In the case of Chia Foon Tau v Lim Pey Lin [1998] 7 MLJ 762, the deceased and the respondent entered into a partnership agreement. The agreement was that as long as the respondent was the senior partner, he need not pay rent for usage of the premises. If was held that the deceased had made a contract with himself. A covenant between one person and himself is unenforceable and void.

Under section 7 (a) of CA 1950, in order to convert a proposal into a promise the acceptance must be absolute and unqualified. When the promise in the contract states his acceptance as ‘subject to contract’, the court will hold that there is no contract as there are not strong and exceptional circumstances. It is merely a conditional contract. This is based on two reasons. First, it negatives the intention to create legal relations. Secondly, an acceptance which does not correspond with the terms of the proposal because of an introduction of a new condition, as per the case of Chilling Worth v Esche [1] . Section 7(a) of CA 1950 provides that in order to convert proposal into a promise the acceptance must be unqualified.
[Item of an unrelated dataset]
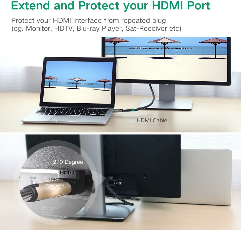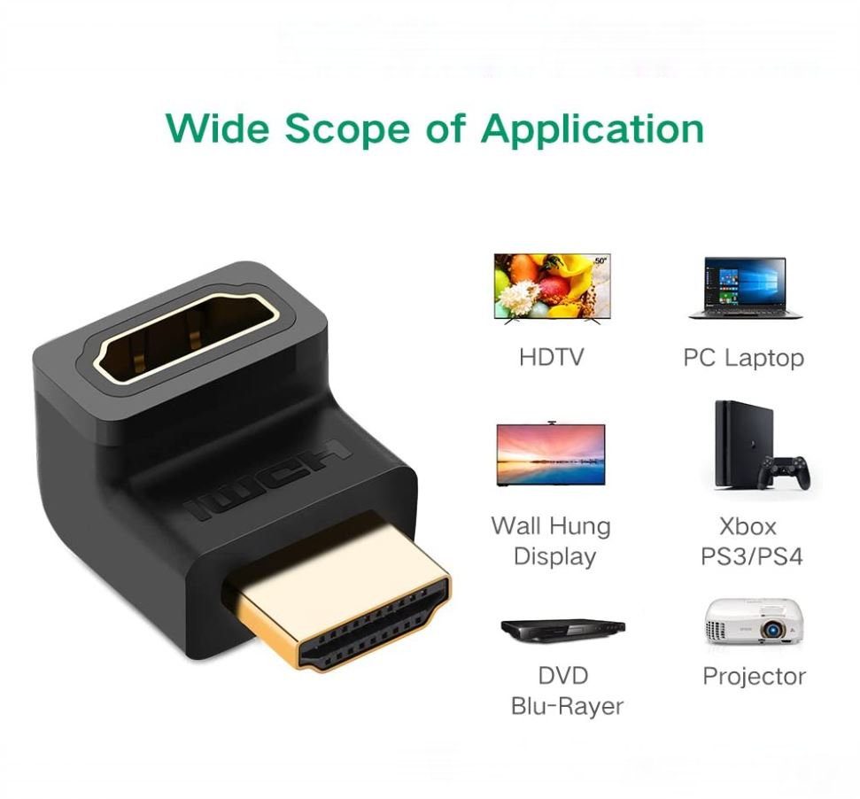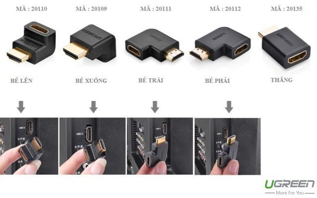 Dùng để thay đổi góc kết nối cổng HDMI.Nhỏ và tiện lợi , bọc nhựa bảo vệ tốt Dùng cho thiết bị có cổng HDMI khó cắm cáp HDMI thường, các thiết bị có cổng HDMI ở góc hẹp như tivi treo tường… Là giải pháp giúp tránh được nhiều trường hợp hư hại cáp do tivi treo tường quá chật hẹp gây gãy đứt đầu cáp .

The Supreme Court held in the case of Ayer Hitam that when an arrangement is made subject to contract, the court will take it to mean that negotiations are still on going and they do not intend to be bound by the contract until a formal contract is exchanged. An agreement to enter into an agreement is not a contract as per the case of Low Kar Yit v Mohd Isa. The defendant in this case gave an option to the plaintiff as to buy a piece of land. The agent of the plaintiff operated the option but the defendant refused to sign the sale agreement. The plaintiff sued for specific performance for breach of contract. It was held that the option subject ‘to a formal contract to be drawn up and agreed upon’ the parties, therefore it was a conditional option. The option was merely an agreement to enter into an agreement. Therefore, there was no legal binding contract between the parties.